Wednesday 26 June 2019

Obituary: Paul Darrow

Actor cherished by science fiction fans for his role as the sardonic anti-hero Avon in 'Blake's 7'

Humour: Actor Paul Darrow as Kerr Avon in 'Blake's 7'
Humour: Actor Paul Darrow as Kerr Avon in 'Blake's 7'
Independent.ie Newsdesk

Independent.ie Newsdesk

Paul Darrow, who has died aged 78, was hero to a legion of science fiction fans when he played Kerr Avon, the self-interested, cynical computer expert aboard the spacecraft Liberator, in the cult television series Blake's 7 from 1978 to 1981.

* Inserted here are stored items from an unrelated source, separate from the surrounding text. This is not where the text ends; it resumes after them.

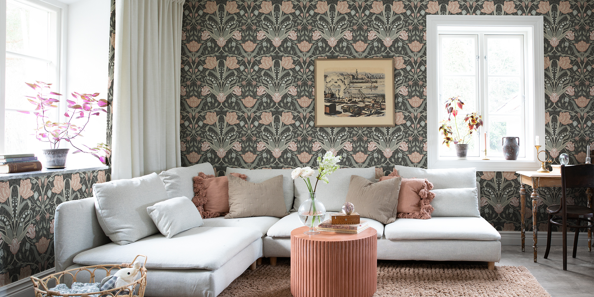 Om du ska våga ta ut svängarna i något rum så är det vardagsrummet. Här får väggarna gärna kännas lekfulla på ett sätt som passar din personlighet. Vardagsrummet är ett av de rum som vi umgås mest i med varandra och får gärna kännas trivsamt och ombonat. Stormönstrade tapeter ger ofta en mysig och omfamnande känsla i ett rum.
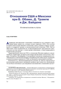 В статье рассмотрены отношения США и Мексики при президентах Б. Обаме, Д. Трампе и Дж. Байдене по основным угрозам и вызовам: миграция и экономика, преступность.
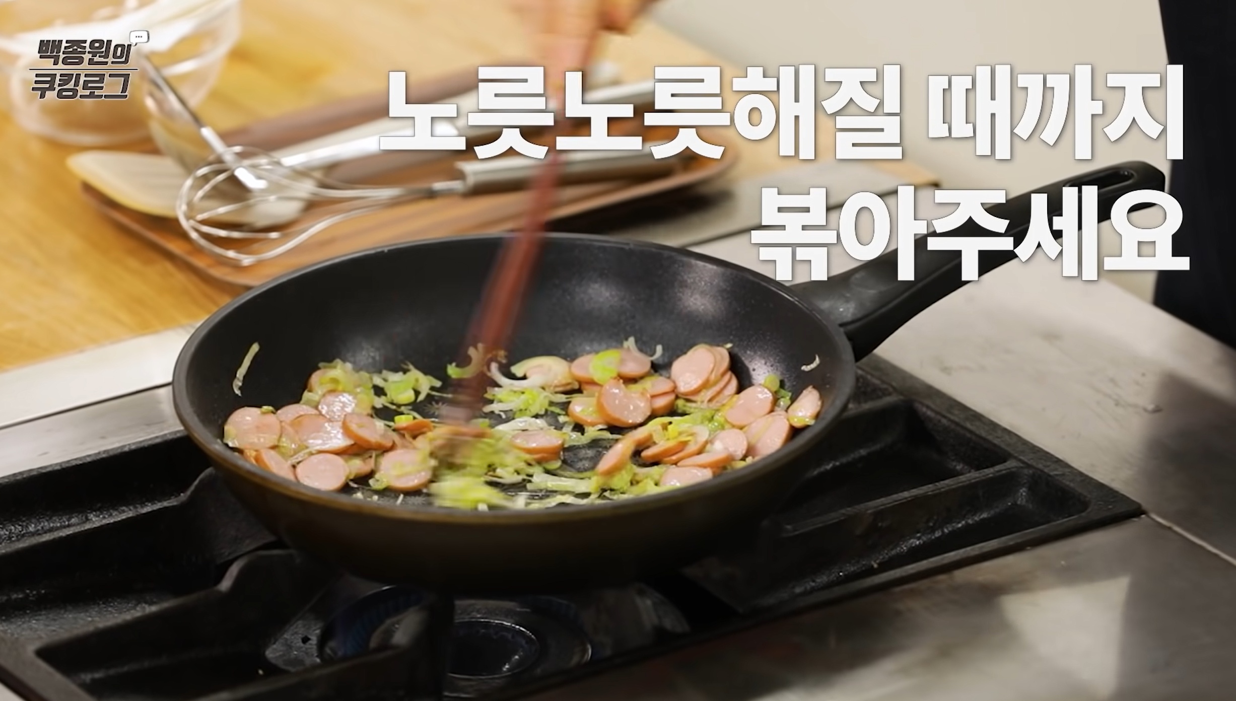 3. 팬에 식용유를 두르고 대파, 소시지를 넣어 노릇하게 볶습니다. 소시지는 집에 있는 햄이나 소시지, 베이컨 등 아무거나 사용하셔도 좋아요.
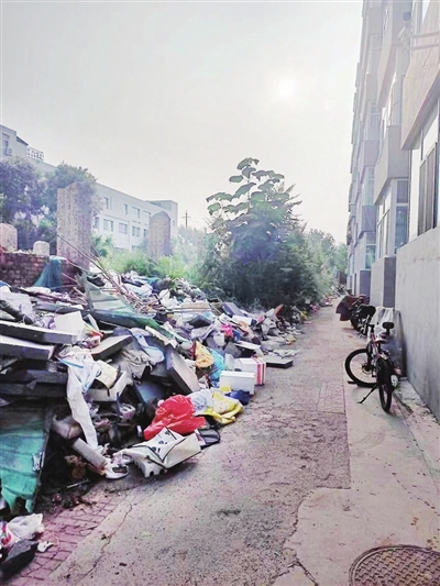 昱兴景苑小区位于迎泽区双塔南路18号。在该小区7号楼门前不足两米处,一座颇具规模的“垃圾山”让人瞠目结舌。“山上”既有砖块、金属片这样的建筑垃圾,也有泡沫塑料箱、塑料袋这样的生活垃圾,还有树枝等堆放在上面。
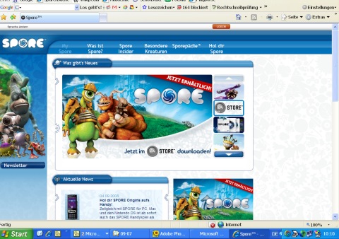 Seit Donnerstag ist es auf dem Markt – das wohl komplexeste Computerspiel aller Zeiten: „Spore“! In der Presse wird es als Einstieg in eine neue Spielegeneration bezeichnet. Wohl nicht zu Unrecht, denn bei dem Spiel handelt es sich um eine Evolutionssimulation. Der Spie-ler hat die Aufgabe mit Kreaturen aus der Ursuppe eine virtuelle Artenvielfalt zu gestalten. Der Anbieter Electronic Arts verspricht gigantischen Evolutions-Spiel-Spaß:
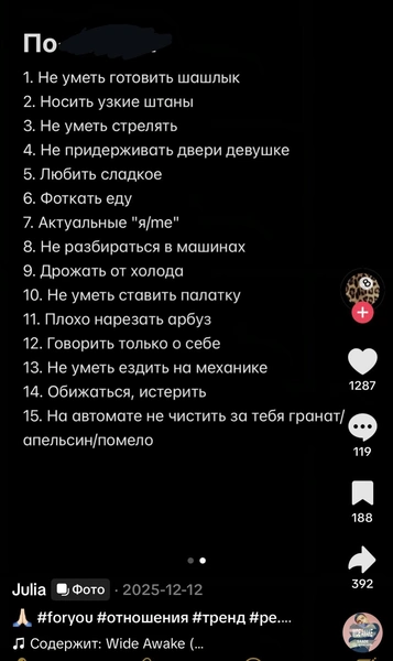 Привередливость в еде — еще один «красный флажок», по мнению девушек. «Спрашиваешь у него, какую еду он не ест, а он выкатывает целый список блюд и продуктов, вызывающих у него отвращение», — с недовольством делятся пользовательницы в своих роликах.
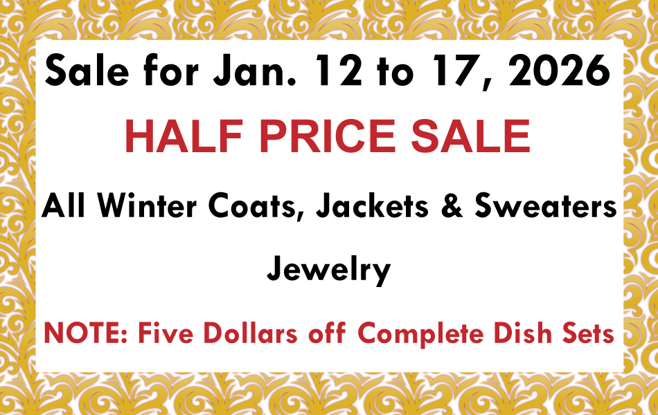 Sales for January 12 to 17, 2026 JANUARY SALE HALF PRICE SALES All Winter Coats, Jackets & Sweaters [...]
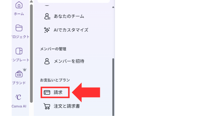 Canvaプロの無料トライアルを解約したいけど、どの画面かわからない。
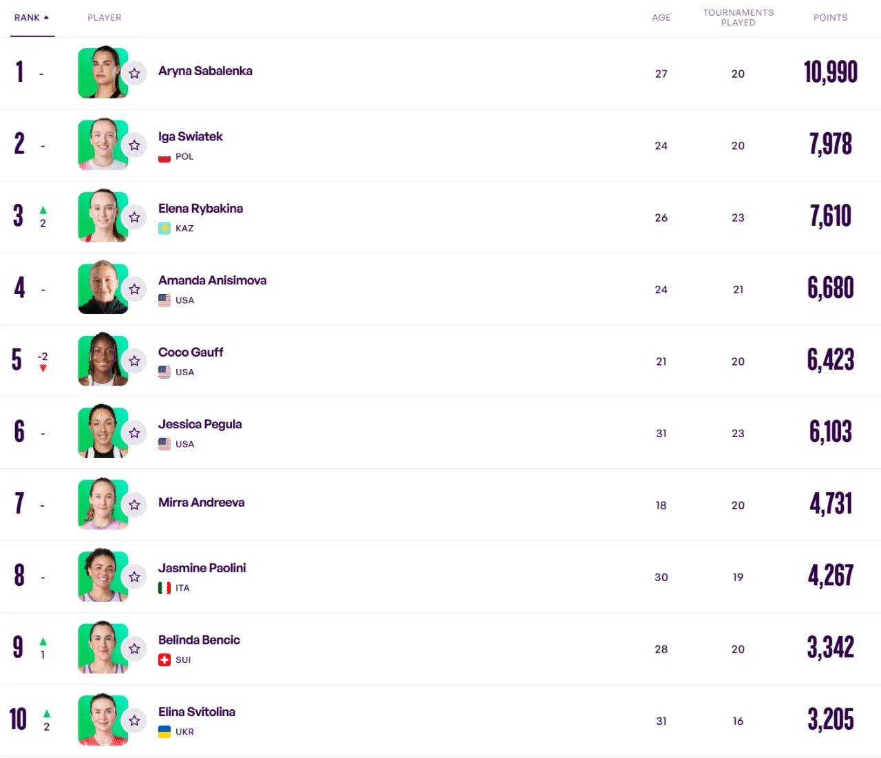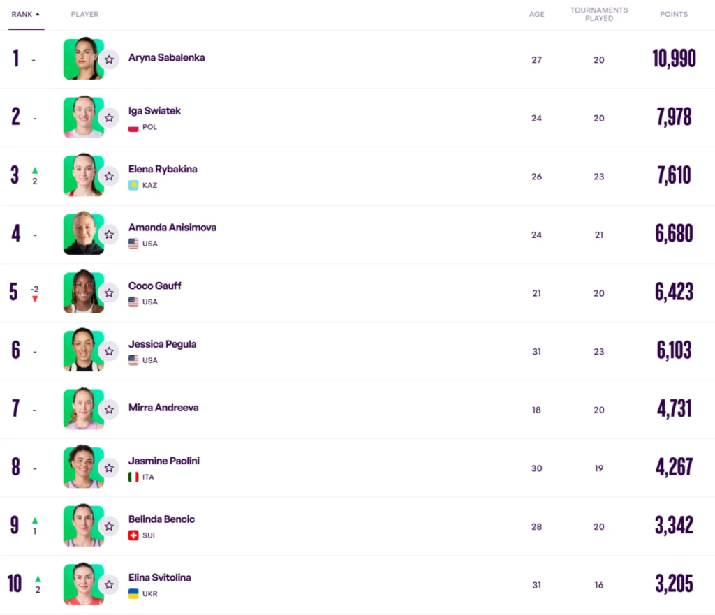 WTA: Свентек по-прежнему второй, Собаленко лидирует, Рыбакина выходит вперед

The space opera's story of a motley group of outlaw revolutionaries fighting the fascistic Terran Federation "in the second century of the third calendar" furthered the theme of dictatorship seen in writer Terry Nation's earlier creation for science-fiction television, the Daleks in Doctor Who. He conceived Blake's 7 as a darker version of that mainstay of the small screen.

Originally, Gareth Thomas starred as the political dissident Roj Blake, assembling his band of highly individual men and women after being framed for child abuse. Low-budget sets and special effects, combined with the negative verdict of critics - Clive James called it "classically awful" - failed to put off viewers, and up to 10 million tuned in.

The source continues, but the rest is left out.